Response to Housing Price Surge: Lawmakers Mull Expanding Capital Gains Tax Exemptions
A congressional bill is aiming to address the growing issue of capital gains tax hindering homeowners from selling their properties. The bill seeks to double the exclusions from capital gains tax, potentially making it more appealing for homeowners to downsize or move.
One homeowner in Fountain Valley, who wishes to remain anonymous, illustrates the dilemma many homeowners face. Despite wanting to downsize and move closer to her family, she’s reluctant to sell her home due to the substantial capital gains tax liability she would incur. The current tax rules allow for exclusions of up to $250,000 for single taxpayers and $500,000 for married couples filing joint returns. However, these limits have remained unchanged for 26 years, while home values have soared.
Skyrocketing home prices across the country have exposed more homeowners to capital gains tax when selling their primary residences. For instance, the median house price in the U.S. has tripled to $407,100 since the exclusion limits were set in 1997. In California, the median home price has increased five-fold to $859,500.
The homeowner in question, who bought her house for $125,000 in 1983 and now values it at around $1.1 million, could potentially face a capital gains tax of at least $104,000 if she were to sell today. This tax burden discourages many homeowners like her from selling, contributing to a shortage of available homes on the market, particularly in Southern California.
To address this issue, a bill in Congress, called the “More Homes on the Market Act,” is being considered. The bill aims to double the capital gains exclusion, increasing it to $500,000 for single filers and $1 million for married couples filing jointly. Additionally, it proposes indexing the exclusion to inflation to keep pace with rising home prices.

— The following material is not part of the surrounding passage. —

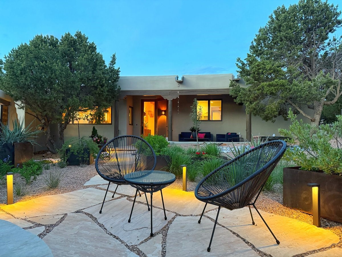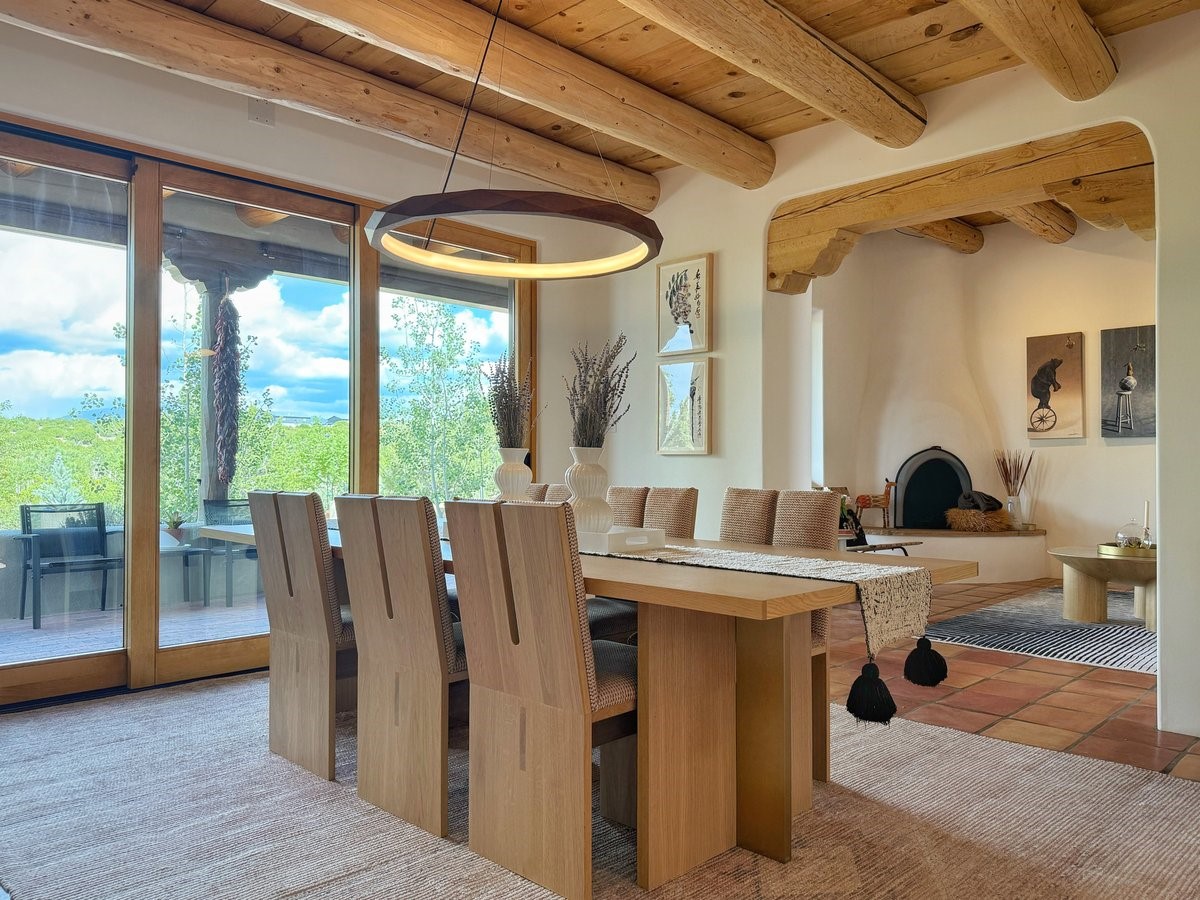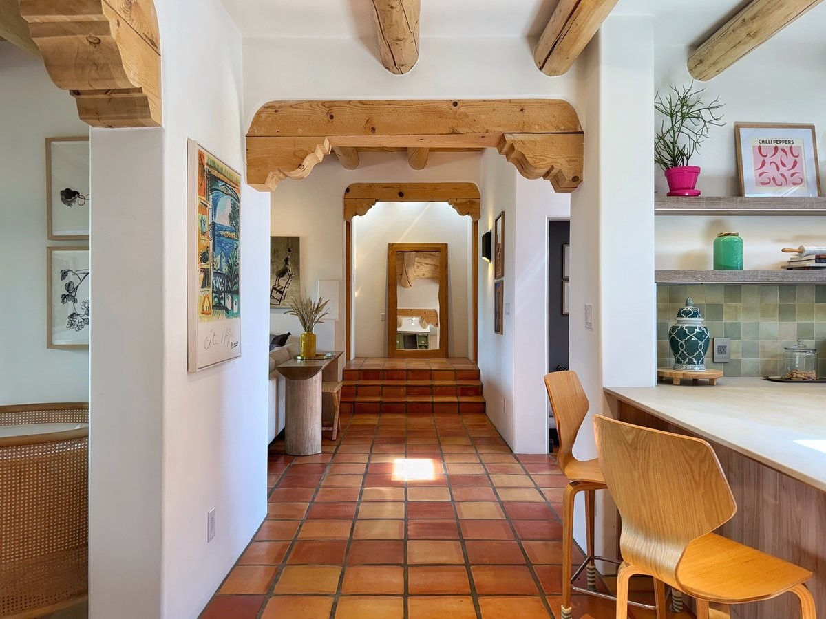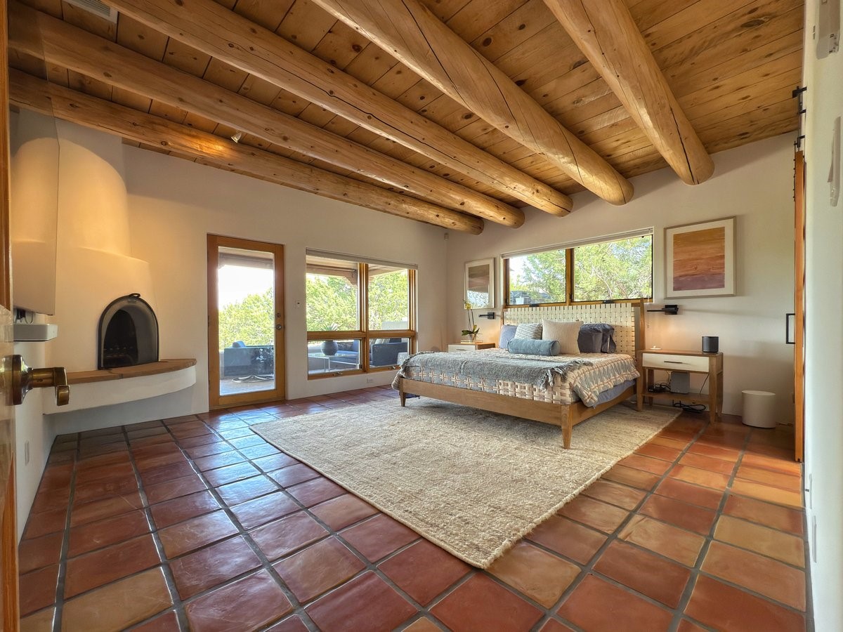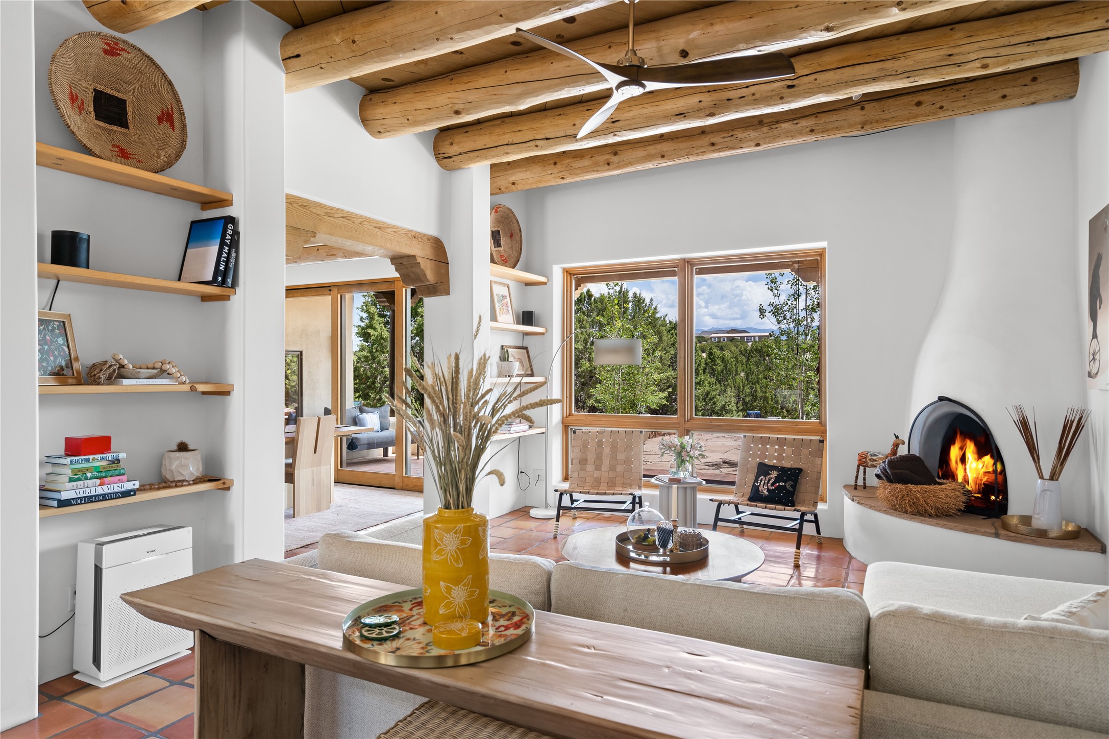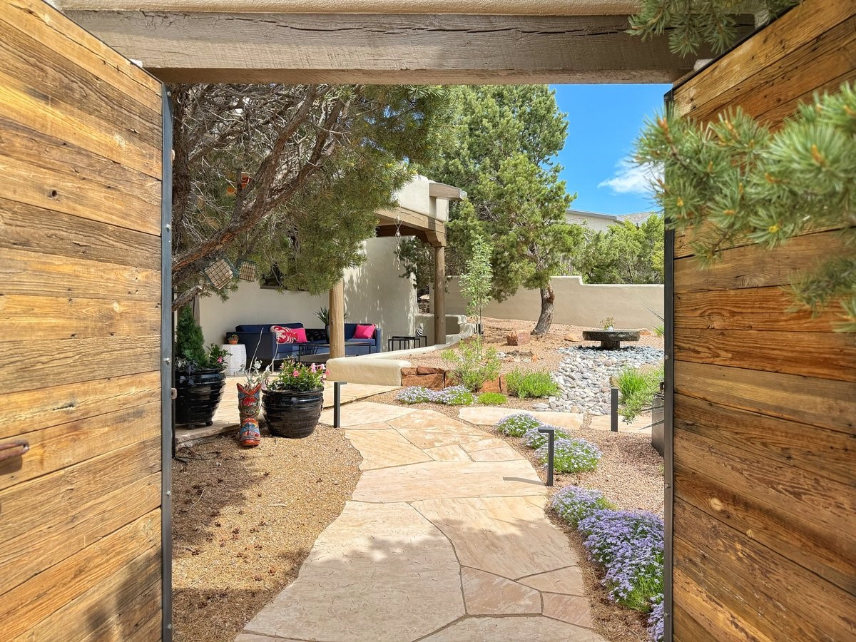 Perched on 2.5 serene acres with sweeping views of both the Jemez and Sangre de Cristo mountains, this 4-bedroom, 2-bath beauty brings together the best of Santa Fe style and mid-century design. From the moment you enter the front courtyard--complete with a kiva fireplace and peaceful water feature--you'll feel like you've stepped into your own private retreat where mid-century hip meets Santa Fe soul.Inside, traditional elements like hand-adzed vigas, saltillo tile floors, and two cozy kiva fireplaces (one in the living room, one in the primary suite) provide that authentic Santa Fe warmth. But the heart of the home? It's the spectacular, magazine-featured kitchen. Thoughtfully remodeled by DMC Fine Cabinetry & Renovations and builder Eric Smith, this space has been showcased in Santa Fe Magazine, TREND, and more--and it shows. It's sleek, modern, and expertly designed for everyday ease and entertaining alike.The bathrooms are just as impressive--completely reimagined with a hip, contemporary flair that perfectly complements the home's classic style. The sellers had planned to stay here forever and invested accordingly--making this a rare opportunity for a new buyer to enjoy high-end updates without the wait or cost.The outdoor living is just as magical as the interior, with xeriscaped landscaping, a fully fenced backyard, and deep portals for relaxing, dining, or watching the mountains glow at sunset. Of course, there's a 2-car garage, because that's just what you'd expect from a home this perfect.With new windows, and recent stucco maintenance, as well as a frequently maintained roof, this is a home where every detail has been loved and it shows.Furniture and spa package negotiable.

The bill has garnered support from lawmakers from both parties, including Rep. Jimmy Panetta and Rep. Mike Kelly, and is seen as a potential solution to the housing shortage problem. It is designed to benefit homeowners who have lived in their primary residence for at least two of the last five years, rather than investors or flippers. While the bill is promising, it has yet to be reported out of committee, and its potential cost to the U.S. Treasury remains undetermined.